» **WHAT THE TASK ASKS**
Please set down only the lines below starting with the line with "DIBOND®traffic ist eine" and going on through the line with "Figura 2. Placas", verbatim and without pictures.

» **RECORD EXTRACTS**
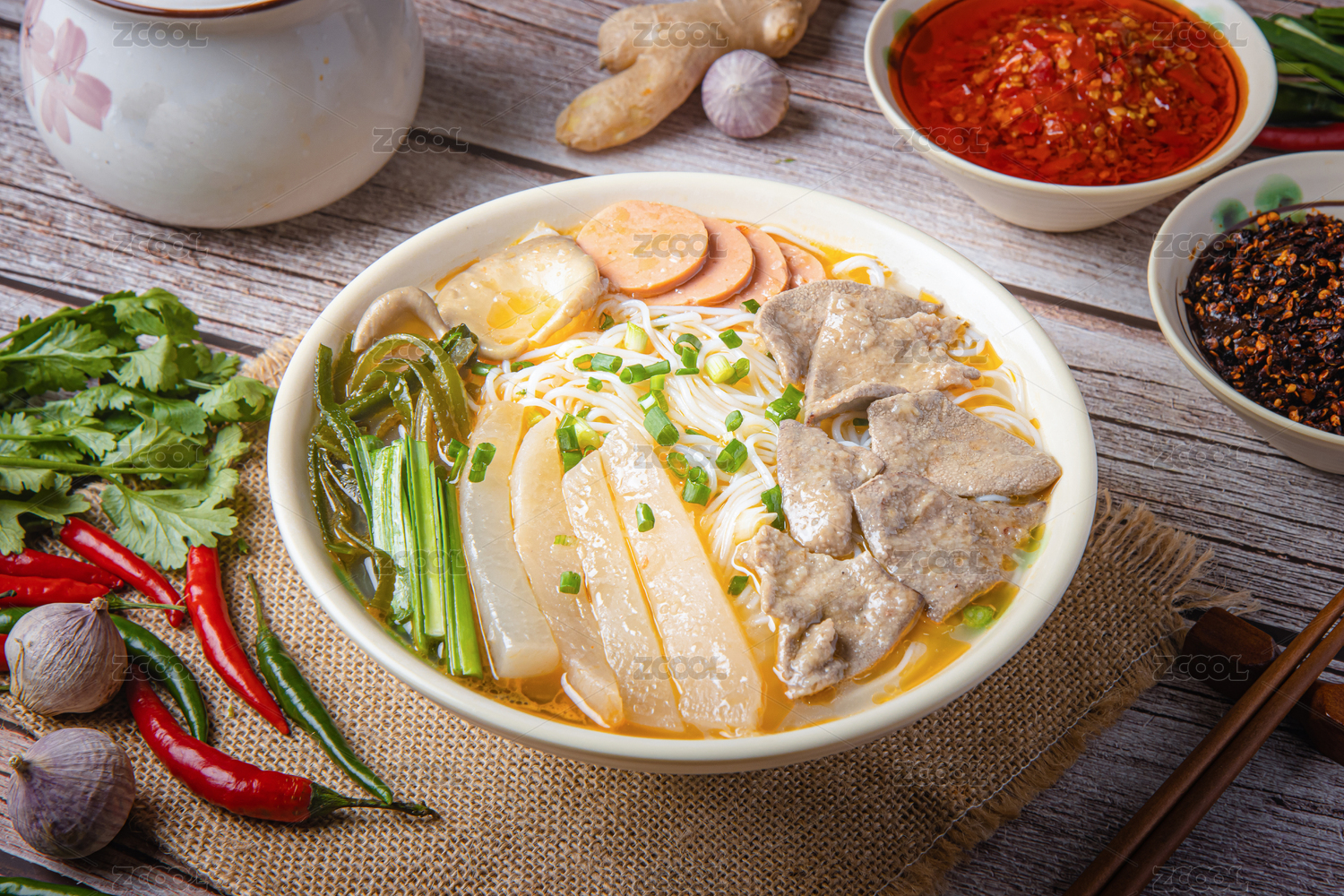 大碗里的四鮮米線泡椒豬肝米線米粉
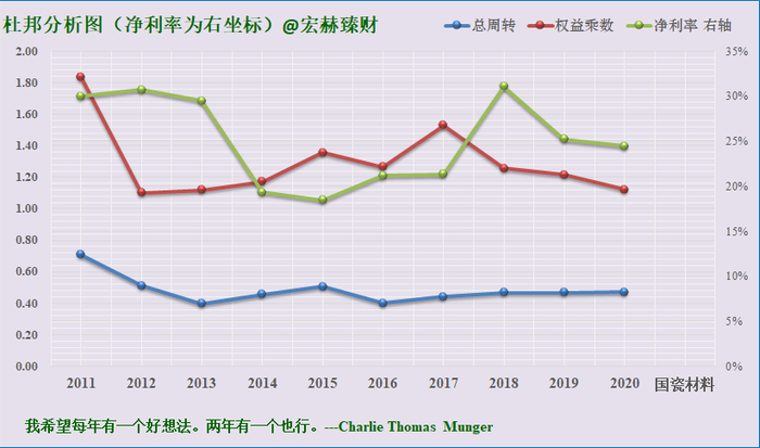 宏赫臻财建议关注未来杜邦指标趋势呈现:【低杠杆或适度杠杆(1.2-3)+周转率接近或大于1且有向上趋势+稳健增长的中高净利率>15%】
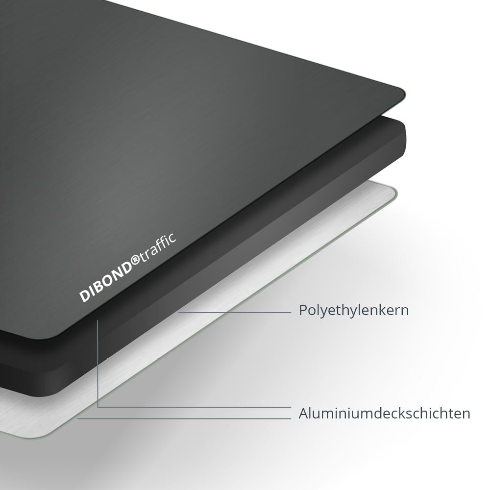 DIBOND®traffic ist eine qualitätiv hochwertige Alumiuniumverbundplatte, die aus zwei 0,3 - 0,5 mm mm dicken Aluminium-Deckschichten sowie einem Kunstoff-Kern aus Polyethylen besteht. Die Aluminiumdeckbleche sind mit der einzigartigen Legierung AIMg1 beschichtet.
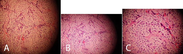 Figura 2. Placas histopatológicas de NC teñidas con hematoxilina-eosina. A: Neurocitoma, células claras. B y C: Infiltración incluyendo células redondas uniformes. Se evidencia proliferación de células monótonas redondas, sin atipia citológica y sin mitosis observable; las células están intercaladas con vasos sanguíneos capilares y focalmente presenta estructuras con apariencia de rosetas y calcificación distrófica focal.
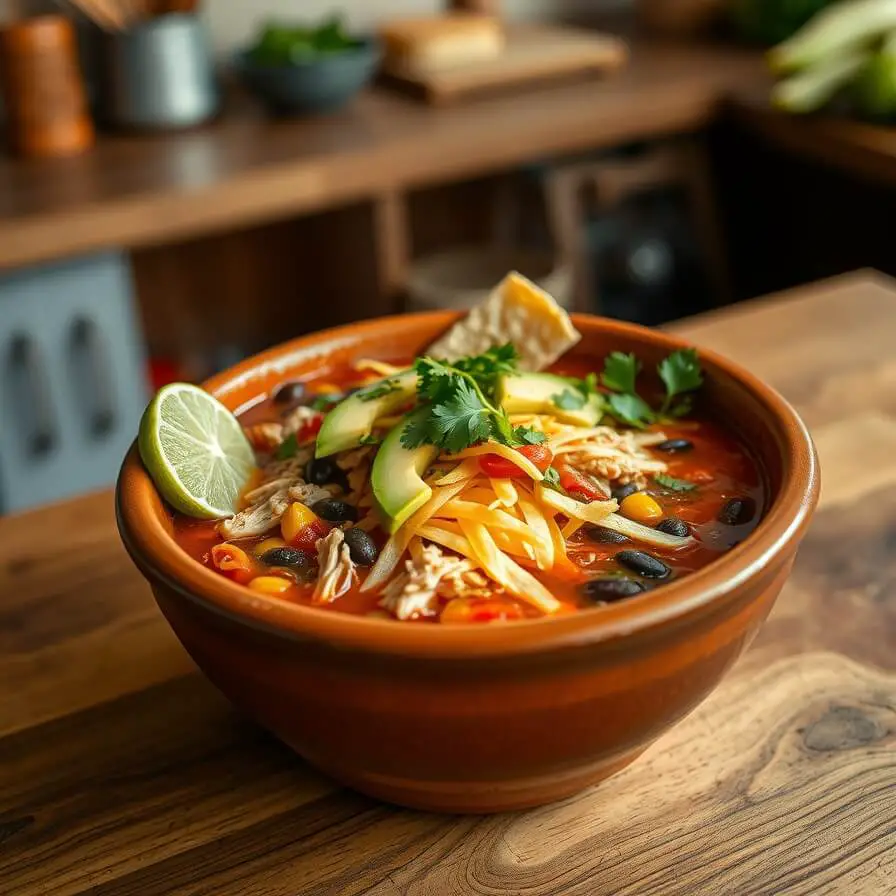 A warm, hearty, and flavorful slow-cooked soup filled with tender shredded chicken, beans, corn, and spices simmered in a rich tomato broth. This comforting recipe comes together effortlessly in the Crock Pot and is topped with crispy tortilla strips, avocado, and cheese for a restaurant-quality meal at home. Perfect for busy weeknights or cozy weekends, it’s a crowd-pleaser that tastes even better the next day.

» **YOUR SOLUTION**
 DIBOND®traffic ist eine qualitätiv hochwertige Alumiuniumverbundplatte, die aus zwei 0,3 - 0,5 mm mm dicken Aluminium-Deckschichten sowie einem Kunstoff-Kern aus Polyethylen besteht. Die Aluminiumdeckbleche sind mit der einzigartigen Legierung AIMg1 beschichtet.
 Figura 2. Placas histopatológicas de NC teñidas con hematoxilina-eosina. A: Neurocitoma, células claras. B y C: Infiltración incluyendo células redondas uniformes. Se evidencia proliferación de células monótonas redondas, sin atipia citológica y sin mitosis observable; las células están intercaladas con vasos sanguíneos capilares y focalmente presenta estructuras con apariencia de rosetas y calcificación distrófica focal.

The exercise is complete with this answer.